Eve Garrard comments at Normblog on this whole incompletely theorized thing we have going here (though not in those terms, which I have only just this second dragged in). Her comment is interesting, and it helpfully omits the part about being puzzled as to why I keep etc etc (yes, I am having fun with that, why do you ask?) – but it still isn’t quite what I’m talking about, at least I think it isn’t.

It’s very hard to see why we would think that Holocaust-denial ought to be legally permissible unless we think that there’s a moral right in play, that people have a moral right to speak their minds, even if what their minds contain is false and indeed disgusting. But this is what Ophelia jibs at – given that Holocaust-denial involves lies and falsifications, why should we think we have a moral right to engage in it? How can we have a moral right to lie, falsify the evidence, play fast and loose with the truth?

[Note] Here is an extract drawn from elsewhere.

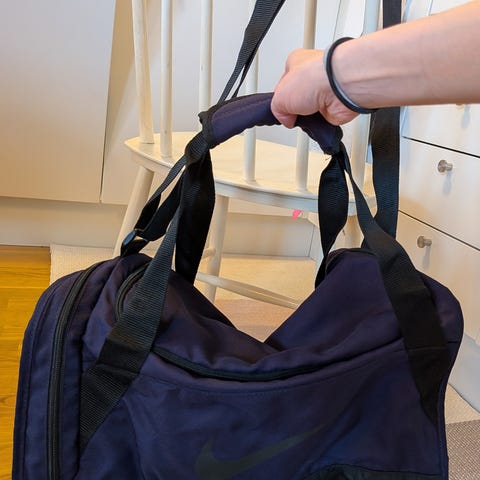 Svart gympapåse från Nike i tyg med stort vitt Swoosh-tryck på framsidan. Dragskostängning med snören som även funkar som axelremmar.
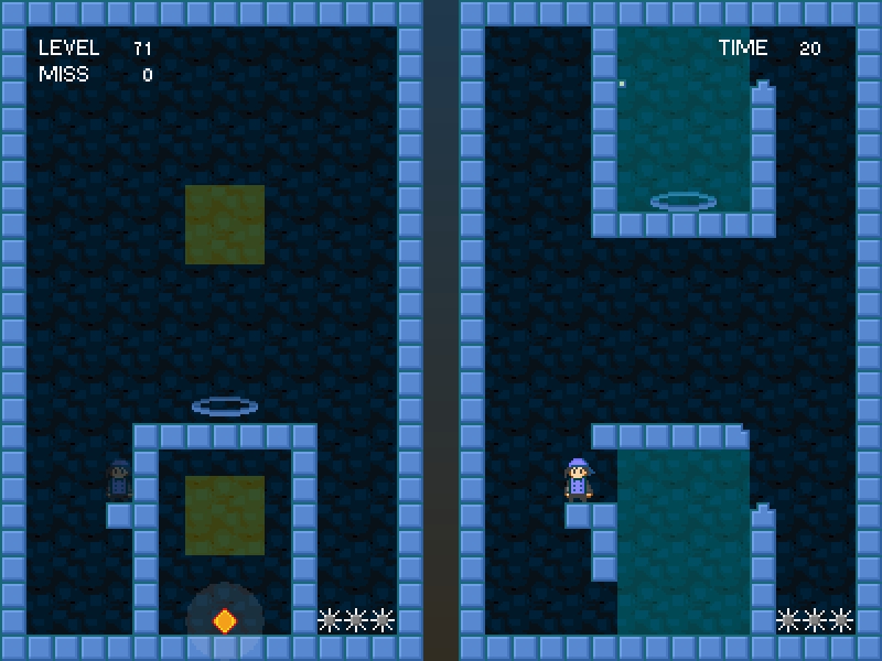 テレポートボタンでキャラクターを左右の画面に移動させ、その移動先は半透明のキャラクターで示される。

That isn’t exactly what I jib at. Because I don’t think Holocaust denial does necessarily involve lies and falsifications. It can involve error, self-deception, misinterpretation. It can also involve, no doubt, transient lies in speech rather than in print, and it can involve minor infrequent lies in print – lies that are unsystematic enough to fall short of unmistakable deception and falsification. But I take systematic falsification to be a different matter – and, again, I think it is telling that people mostly don’t defend Irving’s right to engage in systematic falsification; at the very least I wonder why that is, and if it doesn’t hint at something.

This is not an unreasonable question. Lies and falsifications are generally (and certainly in the case of Holocaust-denial) morally wrong. And it does seem puzzling, even paradoxical, to say that we can have a moral right to do that which is morally wrong. Nonetheless it’s true that we do: we sometimes have the moral right to act – that is, people ought not to prevent us from acting – in ways which are undoubtedly morally wrong.

Hmm. Which people and in what sense of ‘prevent us’ I wonder. In the examples Eve gives, I’m not sure it’s true that people close to us ought not to try to prevent us by persuasion, for instance. But no doubt she means forcibly prevent, which is another matter. Anyway, this is Eve’s field, and it’s certainly not mine, so I’ll take her word for it. It’s like that comment Jon Pike made in reviewing Honderich in Democratiya – ‘there is a standard, ordinary language distinction between having a right to do X and X being the right thing to do.’ I’ve been keeping it in mind throughout this discussion. But I don’t think it applies to falsification on the scale Irving practiced it – or at least I’m not convinced that it does. I’m just not convinced that he does have a moral right to deliberately falsify the evidence on the scale he did (remember what Lipstadt said: every single footnote had something wrong with it). I don’t think it should be a police matter, I don’t think it should be an imprisonable offence, but I’m still not convinced it’s a free speech right or a moral right. I think it’s something in between those (something not fully theorized, perhaps).